I don’t know anything about other majors but the Top MBA schools (sloan, Stanford, Booth, etc), they require you to have professional experiences like two or three years or longer after undergraduate. And it is better that you show a progressive career meaning if your entry level is doing analyst job and after three years, you are doing the same thing without any promotion to be Supervisor, Assistant Manager, etc aka not showing career movement in rank and file (track records) then most likely those top MBA schools will not admit you. However, there is also local MBA schools (profit oriented) that will take any students fresh undergraduates to join MBA as long they pay the bills.
Then again graduate schools in business are for career movement for anyone non business majors or business major into managerial position/competent manager like (CEO/CFO, GM, line management etc) especially if your undergraduate is not business and don’t know how to read/interpret financial statement nor taking any business classes (accounting, management, finance and banking, business law, marketing, etc). Then you need MBA to advance your career.
Anyhow, I believe that going to work after undergraduate is not waste of time and it is valuable as they can have a taste of real work (or real world too) and shape their world to be focus on their career before going to grad. school.
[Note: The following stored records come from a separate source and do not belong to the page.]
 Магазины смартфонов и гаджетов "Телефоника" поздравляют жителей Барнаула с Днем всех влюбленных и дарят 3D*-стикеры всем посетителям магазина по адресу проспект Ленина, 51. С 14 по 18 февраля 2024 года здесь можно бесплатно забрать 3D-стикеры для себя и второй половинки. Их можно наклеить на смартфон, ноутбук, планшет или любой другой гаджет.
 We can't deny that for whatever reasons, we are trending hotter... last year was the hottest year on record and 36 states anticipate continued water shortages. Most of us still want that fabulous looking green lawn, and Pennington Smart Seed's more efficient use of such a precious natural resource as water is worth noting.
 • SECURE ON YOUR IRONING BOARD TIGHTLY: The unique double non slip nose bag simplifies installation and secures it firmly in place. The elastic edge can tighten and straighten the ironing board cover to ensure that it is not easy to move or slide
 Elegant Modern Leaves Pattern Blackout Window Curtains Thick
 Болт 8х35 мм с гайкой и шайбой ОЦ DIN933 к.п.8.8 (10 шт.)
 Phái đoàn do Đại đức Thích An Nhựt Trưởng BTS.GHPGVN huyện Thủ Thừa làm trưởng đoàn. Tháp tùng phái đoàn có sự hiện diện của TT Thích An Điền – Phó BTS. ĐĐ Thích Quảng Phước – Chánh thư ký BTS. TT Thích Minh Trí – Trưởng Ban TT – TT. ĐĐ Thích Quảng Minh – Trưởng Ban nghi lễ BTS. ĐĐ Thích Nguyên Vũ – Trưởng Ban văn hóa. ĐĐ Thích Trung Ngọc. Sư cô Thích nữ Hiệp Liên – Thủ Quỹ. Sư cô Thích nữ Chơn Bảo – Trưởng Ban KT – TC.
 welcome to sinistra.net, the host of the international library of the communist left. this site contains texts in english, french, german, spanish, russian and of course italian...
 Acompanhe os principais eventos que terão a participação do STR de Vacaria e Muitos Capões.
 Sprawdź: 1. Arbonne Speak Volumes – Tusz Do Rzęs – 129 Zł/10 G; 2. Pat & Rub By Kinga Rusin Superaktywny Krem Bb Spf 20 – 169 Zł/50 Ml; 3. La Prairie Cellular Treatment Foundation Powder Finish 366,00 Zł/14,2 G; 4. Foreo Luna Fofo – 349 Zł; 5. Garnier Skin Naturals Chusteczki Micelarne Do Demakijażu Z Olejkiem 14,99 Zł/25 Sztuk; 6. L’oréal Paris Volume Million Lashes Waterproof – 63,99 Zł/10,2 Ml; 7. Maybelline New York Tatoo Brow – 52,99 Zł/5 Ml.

Neither of those is true, although the second one requires some work.
The first one is easy: It’s not harder, not if you made a good impression on the professors that you worked with in undergrad. For an example, I went back to my undergrad a few weeks ago to visit for a recruitment event for my company; I dropped in on one of my professors, who I only took two classes with (didn’t even do research with her). She immediately remembered me. If you work with professors closely in scholarship they will definitely remember you. What you do is after the time off, you reach out via email and let them know that you’re planning to apply for PhD programs, you’d like a letter of recommendation, and provide them with a resume, an update of what you’ve done since college and a draft of your personal statement.
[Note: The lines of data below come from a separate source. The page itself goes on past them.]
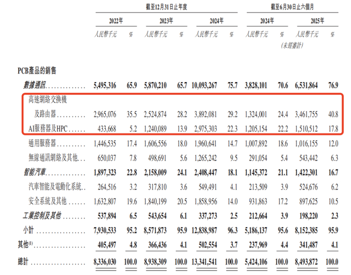 细分来看,数据通讯领域的高速网络交换机及路由器是最核心的业务支柱,收入占比由2022年的35.5%增至2025年上半年的40.8%;其次是AI服务器及HPC,同期收入占比由5.2%增至17.8%。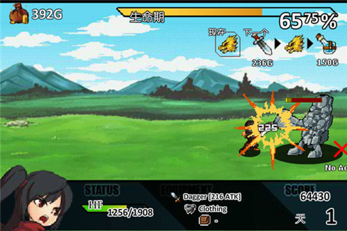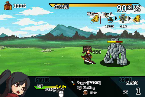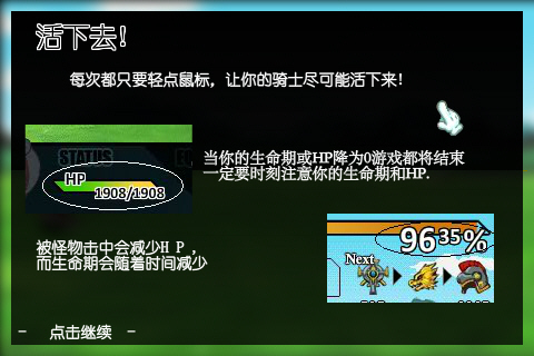游戏开始后玩家就会开始奔跑,所有动作都是靠鼠标来完成。在画面的右上方有四个框框,这代表接下来会遇到的事件,每种事件有不同的作用:金狼头:战斗,可以打倒敌人获得金钱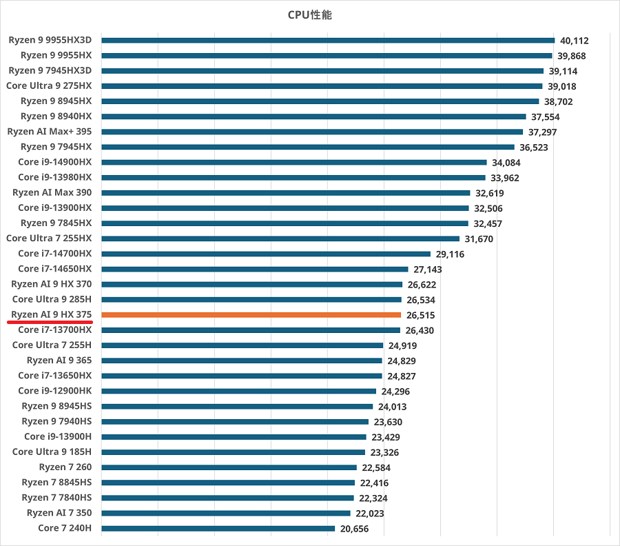 Ryzen AI 9 HX 375のCPU性能スコアは26,515と高い数値だ。Core Ultra 9 285HやCore i7-14650Xと同程度の性能を持っている。Intelのハイエンドモデルと同等のパフォーマンスを持っているのは頼もしい。なお、AI性能だけが異なるはずのRyzen AI 9 HX 370の方がスコアが高いが、計測するモデルや環境によって変化するためだ。基本的には同等の性能を持つモデルだと考えてよいだろう。
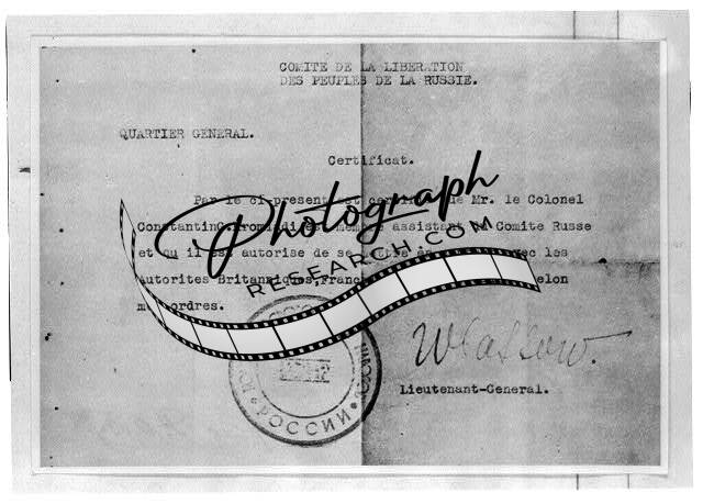 Photo of Document presented to Andrey Andreyevich Vlasov,1942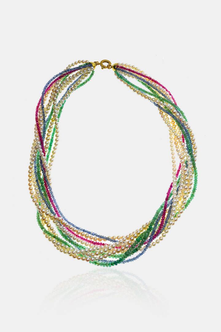 Lunghezza cm 44 composto da cinque fili di perle giapponesi del diam di mm 3 5-4; due fili di sfere briolette di zaffiri rubini e smeraldi. Chiusura in oro giallo ad anello.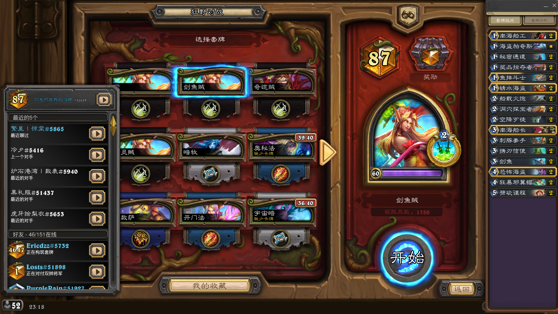 今天的卡组有宇宙法、宇宙猎、任务报告骑、快攻暗牧、快乐术、剑鱼贼。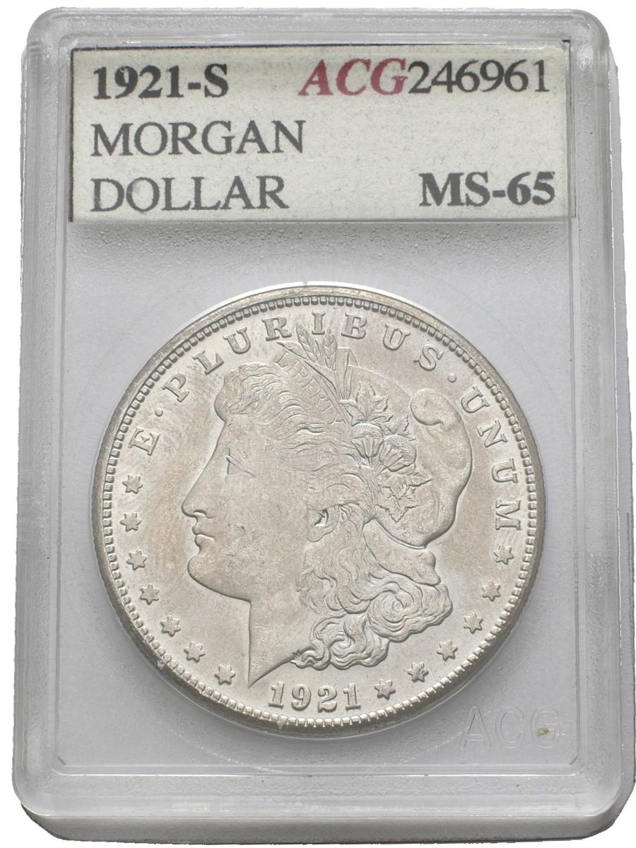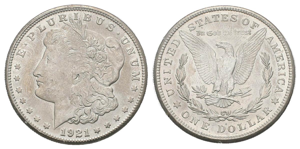ESTADOS UNIDOS. 1 Dollar (Ar. 26,73g/38mm)*. 1921. San Francisco S. (Km#110). MS 65. Encapsulado por Accugrade. *Peso y medida teórico.
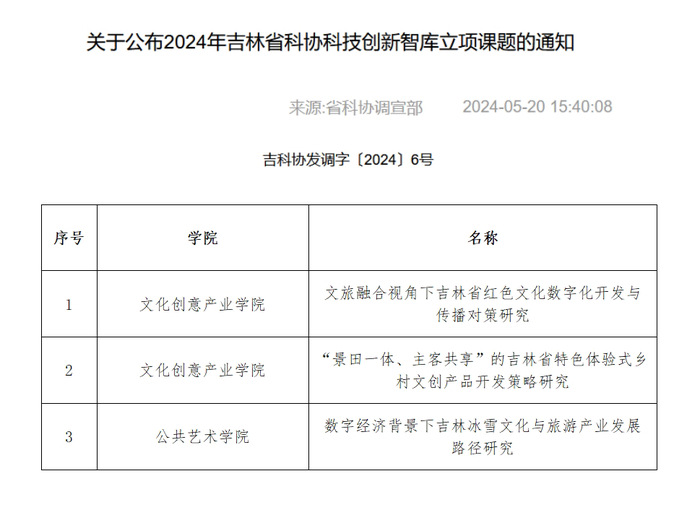 日前,吉林省科学技术协会、吉林省社会科学院等部门先后公布了2024年度吉林省智库基金项目,学校突破获批吉林省科协科技创新智库项目3项、吉林省社科院智库基金招标项目2项,共计到账经费7万元。吉林省科协科技创新智库项目全省立项58项,学校位列民办高校首位;吉林省社科院智库基金招标项目全省立项103项,学校并列民办高校第一。
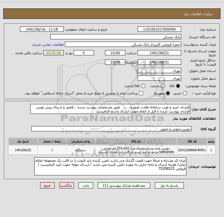 شرح کلی نیاز: قرارداد خرید و نصب سامانه نظارت تصویری ... طبق مشخصات پیوست شده ، تکمیل و ارسال پیش نویس قرارداد پیوست شده تا قبل از اتمام مهلت ارسال پاسخ الزامیست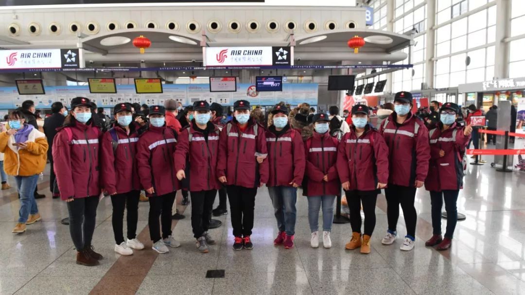 ▲1月28日,由全自治区抽调的139名医务人员及2名带队工作人员组成的内蒙古自治区赴湖北首批医疗队正式启程。这是医疗队一些队员在呼和浩特白塔国际机场大厅合影。新华社发(贝赫 摄)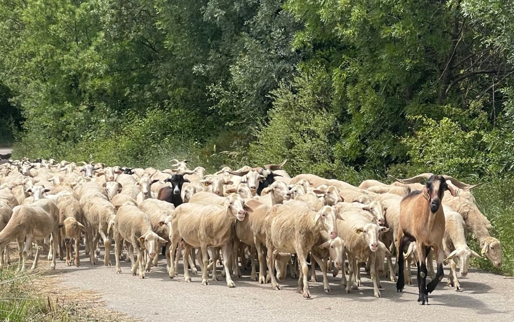 We meet up with a large group of sheep – rather smelly at such close quarters but a treat to see them and hear their bells ringing.

The second one also isn’t true, if all you are taking is a year. You’d be applying in the early part of that year and would only have about 4-5 months between the time you graduate and the time you apply. You don’t even have to mention what you are doing then in the personal statement unless it’s relevant.
I’d say you’d really only have to significantly explain gaps of 3-4 years or longer, and even then all it takes is a little explanation. If you are involved in academic math in the intervening years in some way, no need to explain. If you are involved in a professional job that has ties to math, all you have to do is explain how that job is related to math and how it’s impelled you to further graduate study (“After serving as an actuary for four years, I’ve realized by using [math technique X] on a daily basis that I am really fascinated with [how math technique X intersects with theory Y] and I want to further the field by doing scholarship in that area.” Or whatever).
If your job in the intervening years has nothing to do with math or math scholarship, then you have a little harder job to explain why you are still committed and devoted to math scholarship. Professors will, indeed, wonder whether you taking time away has dampened your commitment or eroded some of your math research skills, and the longer that time is the more difficult it will become to explain it away. But we’re talking about long gaps of the 4+ years range; one or even two years isn’t going to make a huge difference.